If you really want to tie in wait + work in an Oracle environment, I advocate paying attention to Average Active Sessions. It is an easy to compute and easy to read metric within Oracle that can easily be broken down into individual waiting components and give a good indication of overall load on the Oracle environment.
More on DB Time and Average Active Sessions
Taking the #1 spot for the title of Most Misused Metric Made Meaningful Maladroitly (M6) is cost.
Just because Oracle’s optimizer is cost based doesn’t mean your tuning practices should be. Cost is a metric Oracle calculates in order to rank execution paths for queries. This means that looking at cost values in explain plans can help you understand why Oracle chose the plan it did.
However, a quick look online or working with some developers and DBAs on query tuning will frequently raise questions like “How do I reduce the cost of this query?” or “Why is my query slow when cost is low?”. The simple truth is that cost is not a tuning metric. When you try to tune a query you should do so with the metrics that matter the most to your situation. In most cases this comes down to reducing block touches (both physical and logical reads) and processing requirements by improving the selectivity, join order, and index usage of your query. If you want to reduce the cost of a specific execution plan so it will be chosen by the optimizer that is a worthwhile goal but trying to reduce the cost of a query in general makes no sense.

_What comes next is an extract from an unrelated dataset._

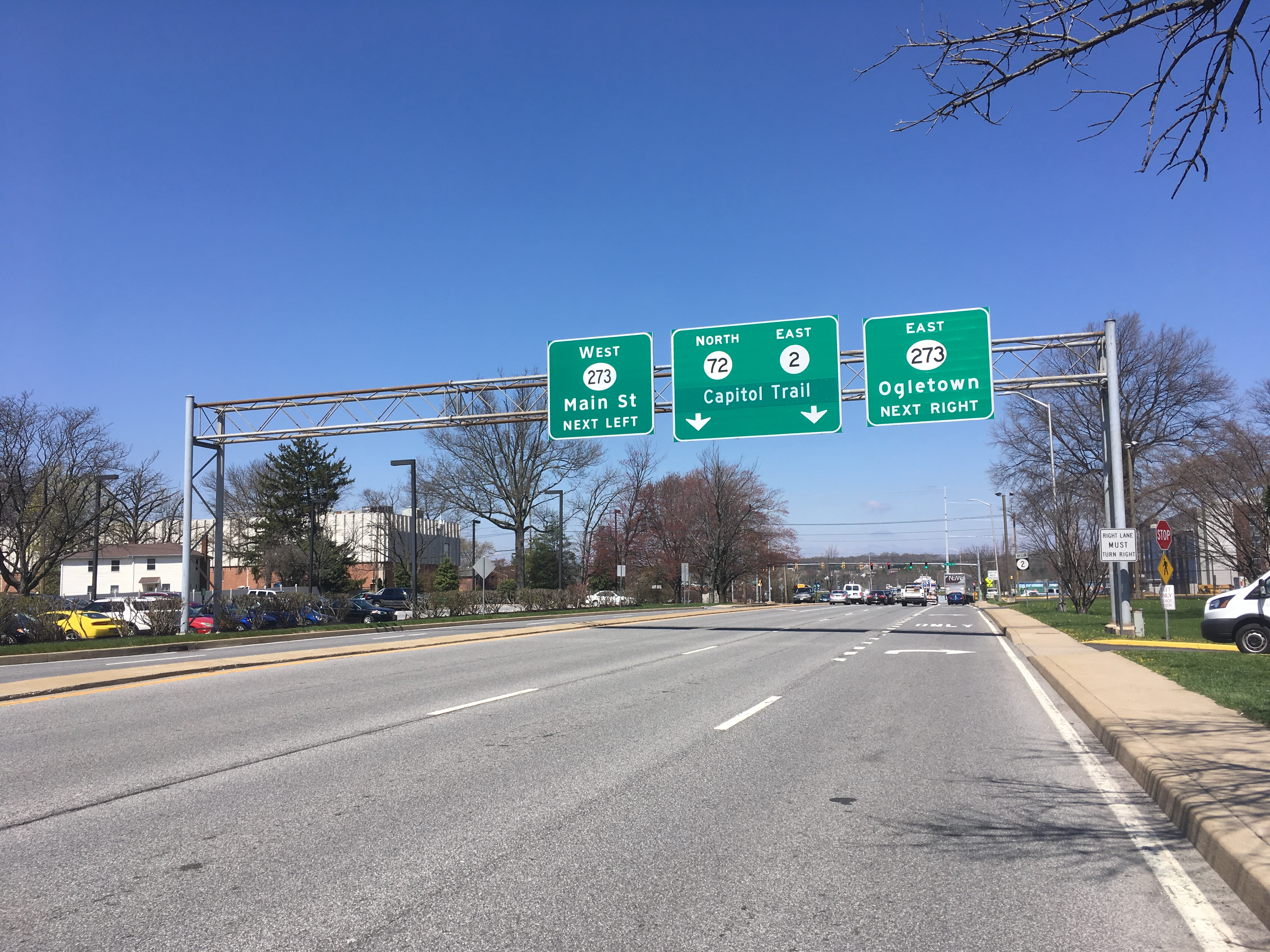 Northbound Delaware Route 72/eastbound Delaware Route 273 (Library Avenue) in Newark, Delaware approaching the intersection with westbound Delaware Route 273 (East Main Street)/Ogletown Road , which carries both directions of Delaware Route 273. Delaware Route 2 begins at this intersection.

Know the bottlenecks that hold up your Oracle instance and your query. Find the components of your query that take a long time or the combination of components that hold up efficient processing. Learn to properly display and read explain plans. And most importantly, don’t stop at just the explain plan. Learn to use tools like tkprof and Tanel Poder’s Snapper utility so you can get the big picture as many query issues arise from issues larger than a ‘bad explain plan’.
Cost is very important to Oracle but plays a bit part in your tuning saga. If you tune strictly to reduce the cost of a query, you are missing out on the big picture and only making tuning harder on yourself.
I love the 95% utilization thing. SMT would change that silver bullet number a bit. 🙂
Nice list of things to look out for. When I started working with Sun boxes I was surprised how well they ran at high CPU utilization. Less surprised once I started paying attention to the run queue and other measures as you mention.
In my past life working with non-SQL databases on UNIX, I’d often plot logical reads against (CPU busy * core count) to get a measure of database work per ‘fully utilized core’. Is that a reasonable high level characterization of an Oracle database server – for example a data warehouse that has a fairly predictable ETL and batch report workload?